Next week I go yo a bike store to talk about the drive train for my trike. He will also put it togheter for me.
I don't have the tools and don't want to invest in that.
They did it also for my other trike.
Around here, right now, its almost impossible to get work done on a bike at a local bike store - they are all completely swamped. I could probably get it done at the co-op, but I prefer to be able to do it myself, so I'll see how these 3D printed tools work out.
Here it is terrible. Most shops only help as you by trough them. Just a few want yo help and one is a BMX shop. He is great and made my last wheels. I go again to him. Very nice guy that delivers great quality for a very low price.
One shop was terrible. They couldn't even help me with my drive train. Even as I ordered it trough him. I found an other shop for that and if needed I can go to the recumbent bike shop.
The shop in my street also only helps as I order trough them, but he helps me with small stuff, like brake cables and stuff. Don't have too look online for all those parts.
First, setup to start welding the 14.5 degree angle for the steering system:
I've welded it, but going to wait until it cools down to grind it and make it look pretty.

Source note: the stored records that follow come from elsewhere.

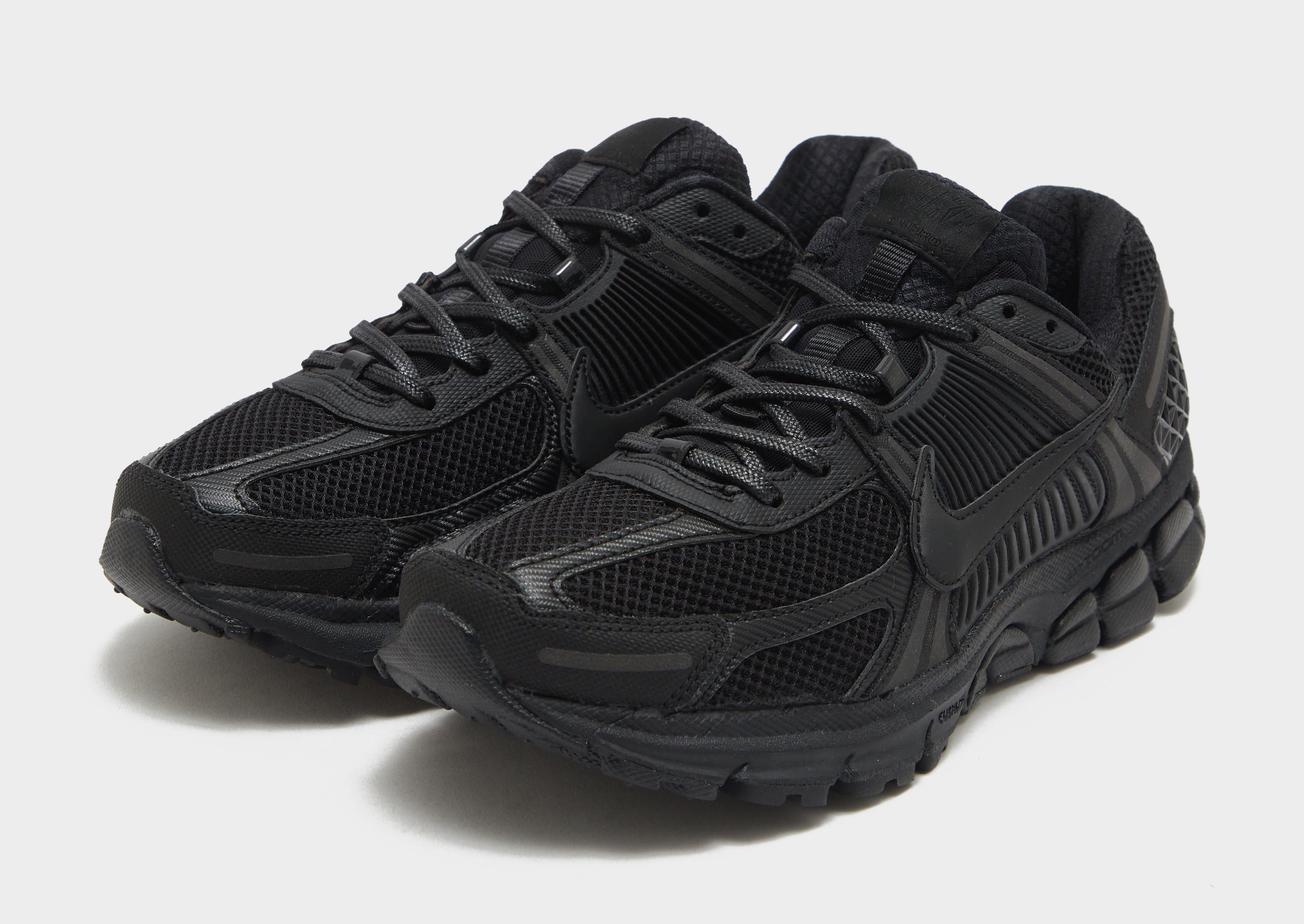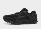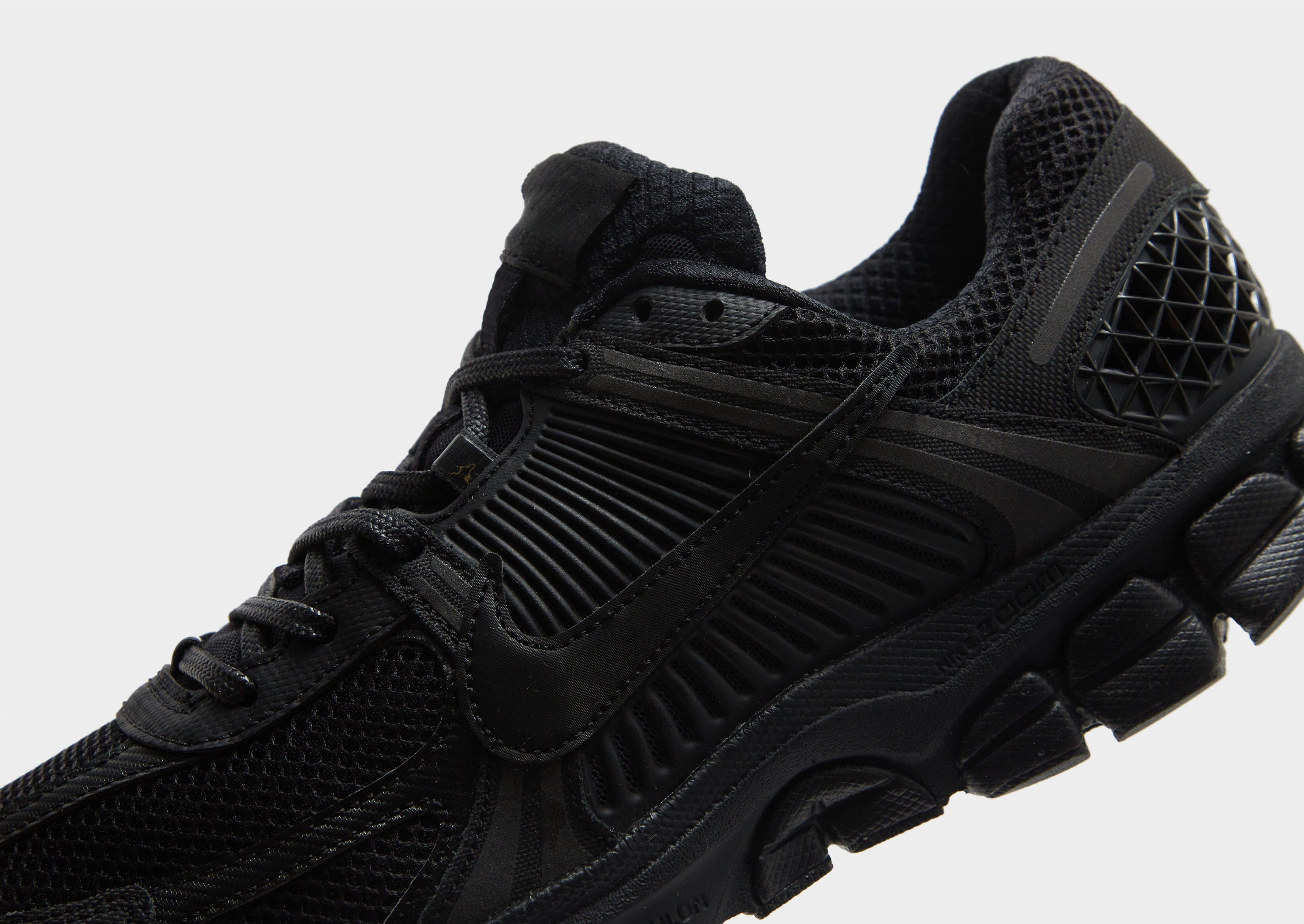OG runners get a refresh with these men's Zoom Vomero 5 trainers from Nike. In a triple Black colourway, these runners have a breathable TecTuff mesh upper with durable synthetic overlays for a lasting wear. They feature a lace fastening to lock you in and padded collar for support. Underfoot, the foam midsole pairs with Zoom Air cushioning for a smooth, spongy ride. With a flexible rubber outsole for traction, these trainers are finished off with the Swoosh to the sidewalls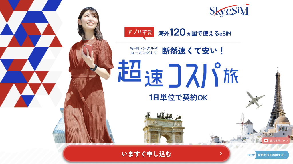 eSIMはWiFiレンタルなどと比べて、安価で手軽に使えるのが特徴です。
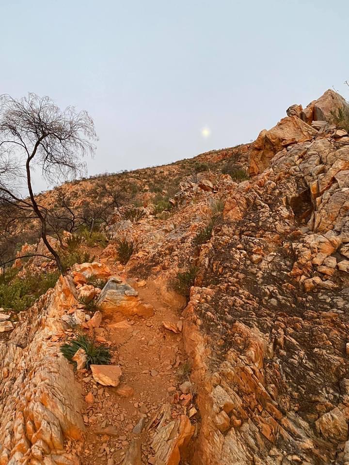 I set off from Simpsons Gap before sunrise after spending the night at the trailhead with a young Aussie couple who walked in the opposite direction and were about to finish. Little did I know how much climbing was ahead of me on this trail! I spent this day walking solo, gathering my confidence. I’d woken up with a headache which I suspected was fear driven. I slowly talked myself into feeling comfortable as I set a rhythmic pace. “I am here. I am here. And the Earth burst into song,” I cajoled.

Second, I welded the little square closed at the back of the seat bottom post (no picture). I also welded the handlebar steering gooseneck piece (the one inside that you cut the middle out of and weld back together).
In related news, I finished tuning my two front wheels:
I'm very happy with how they turned out. Unfortunately for trike building purposes, I will be out of town Friday through Sunday, so no weekend work on the trike.
Yeah, the spacer pushes on the side of the rotating inner race on the bearing, which is what is supposed to happen. On the outer wheel side, the edge of the nut pushes against the side of that bearing inner race.
Here's a really crude and simple cross section of what I think it looks like:
The spacer also has a dust protector which holds it in place, but that doesn't contribute to the rotating part of this at all, so I didn't bother including it.
I'm planning on using a nylock nut when I mount the wheels for real, so with the outer spacer in place the nylon part is basically just barely on the threads, thus I decided it would work better without the outer spacer.